I wasted no time in pressing my new advantage. I released all the rage in my heart into my arms, battering Sahhar with a constant barrage from both blades. He held his own better than I expected at first with his remaining saber flashing back and forth to turn away both of mine. He missed one and I left a charred wound across the back of his hand. I laughed aloud at his grunt of pain. He didn't know the half of the pain he would feel. I slashed against his ankle and laughed louder as he stumbled to keep his balance. I could feel his pain and, for the first time, a measure of fear. I drank it in like sweet, refreshing water, filling the reactor of my hatred with fresh fuel. What a small thing he was. For all his talk it only took a pair of minor burns to begin to break him. I looked forward to seeing how broken he would be when they were fifty or a hundred.
Through my anger I heard the whisper of a cool voice in my head saying, Is this who you are? Is this what is in your heart? Once more the world disappeared, and I sat astride the speeder bike on the grassy prairie. I could feel the anger in my heart, but it seemed so distant, so out of place here. Like it belonged to someone else. Everything that happened in the last two weeks, all the anger, all the blame, all the desire, all the hurt, melted away under the tranquil sun and was carried away on the gentle breeze. This is where my heart lived. This is what I wanted to give to other people. Not slavery to my will. Not suffering and loss. Not death. Peace. The kind of contentment I felt in this moment.
This time I turned to see who accompanied me on the other bike. I saw her eyes and didn't need to see anything more. Those eyes had made such an impression on me the first time I saw them that I would never forget them. Lenka. I had stolen her peace. Sahhar and I had shattered her body, and maybe ended her life. If she kept her life could I ever restore her peace?
Lenka's eyes disappeared and I was surrounded again by death waiting to find a home. Finish this as a Jedi, the voice whispered.
Sahhar's lightsaber was moving, slashing diagonally up from his lower left. I blocked it with my right and he quickly pulled it back for another attack. This time he swung it across his waist in a flat arc.

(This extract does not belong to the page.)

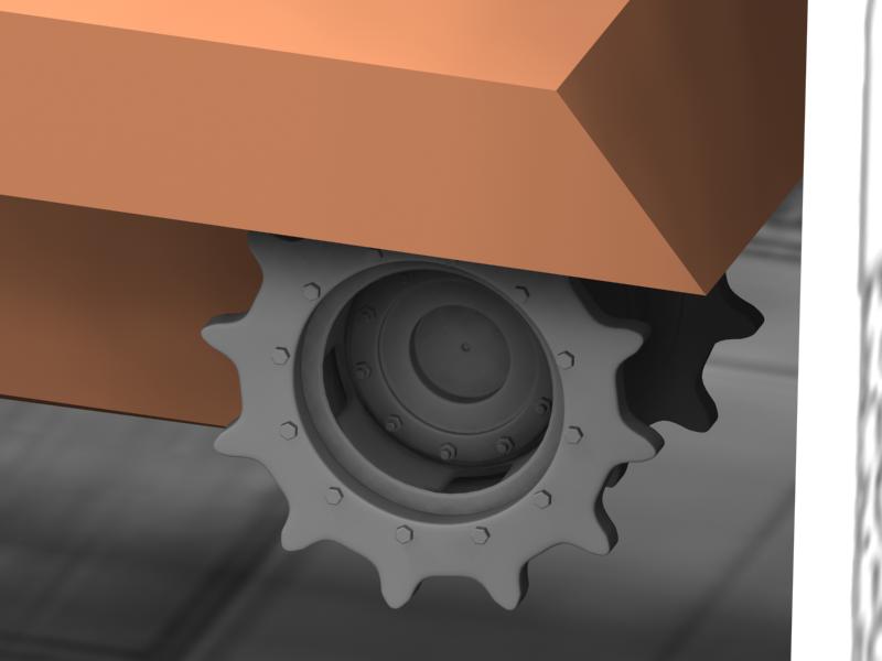 Es una corona de 12 piños, pero de doble triángulo, estilo americano que viene de la 2ª guerra, el Sherman ya tenía esa forma de flor que se le llama, un diente de doble triángulo haciendo el hueco del eslabón. Sólo usan ellos, los demás son más simples, un diente normal de engranaje chato.

I met it with both of my blades, not only stopping it but driving it down and away from me.
My two blades, one a cool blue and one an angry red, pinned the tip of Sahhar's blade to the ground three feet from his right leg. My red blade held his red blade in place as I swung the blue one with all my might. It traced a line through the air just over his right arm and up over his shoulder. It skittered across the high, sloping collar of his armor and sliced cleanly through his neck.

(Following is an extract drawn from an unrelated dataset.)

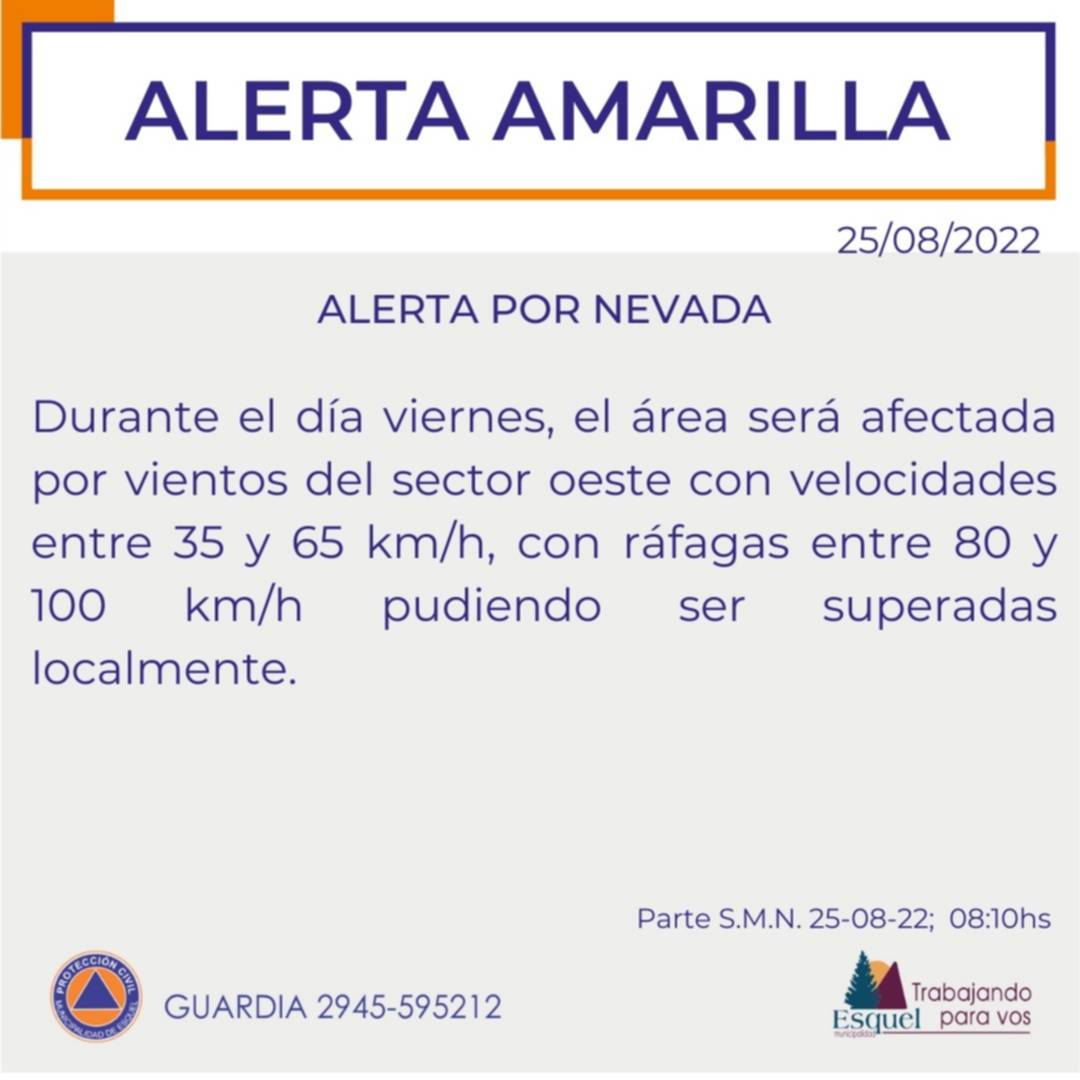 El Servicio Meteorológico Nacional dio a conocer la vigencia de un alerta amarilla por nieve para este viernes por la tarde en Esquel y la región.

I had a moment to take in the surprised look on Sahhar's face before his body began to collapse. His knees buckled and his newly separated head tilted away from his neck. Gravity took over and the corpse and the head fell in a blurred collapse of black armor and tanned flesh. Before either hit the ground the body exploded in a violent blast of dark blue and purple energy that washed over me like a hurricane. Then it was over and Darth Sahhar was no more.